DATA EXTRACTS:
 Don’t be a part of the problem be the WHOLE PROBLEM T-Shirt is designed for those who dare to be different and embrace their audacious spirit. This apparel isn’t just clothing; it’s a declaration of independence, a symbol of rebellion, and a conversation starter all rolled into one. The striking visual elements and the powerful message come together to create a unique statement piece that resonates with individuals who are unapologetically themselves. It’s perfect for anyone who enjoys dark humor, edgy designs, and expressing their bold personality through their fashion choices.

---

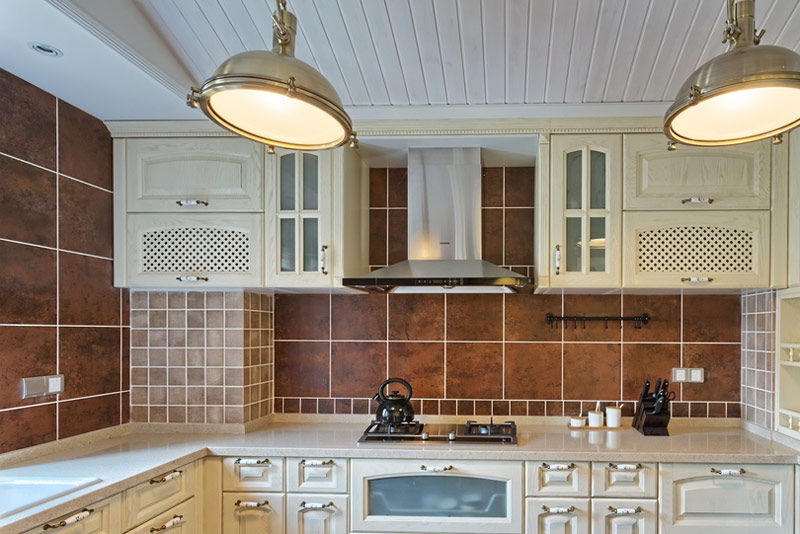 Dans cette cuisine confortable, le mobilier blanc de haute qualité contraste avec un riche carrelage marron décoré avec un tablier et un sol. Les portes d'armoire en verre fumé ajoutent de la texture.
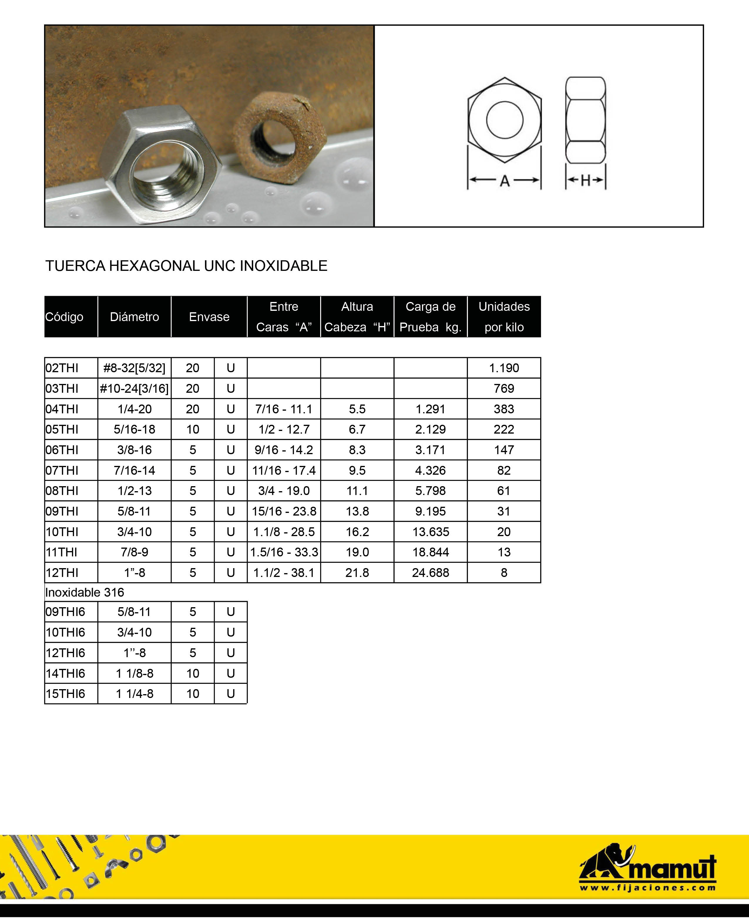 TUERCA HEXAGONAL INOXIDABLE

* * *

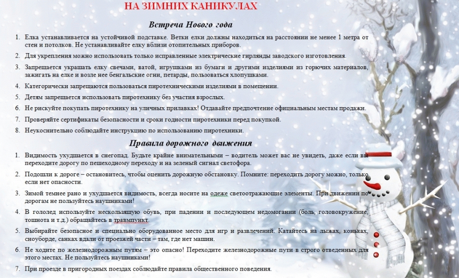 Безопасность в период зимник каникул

ACTIVITY:
The answer should consist only of the lines above from the one with "Dans cette cuisine" through the one with "TUERCA HEXAGONAL INOXIDABLE", repeated exactly, with no pictures among them.

RESULT:
 Dans cette cuisine confortable, le mobilier blanc de haute qualité contraste avec un riche carrelage marron décoré avec un tablier et un sol. Les portes d'armoire en verre fumé ajoutent de la texture.
 TUERCA HEXAGONAL INOXIDABLE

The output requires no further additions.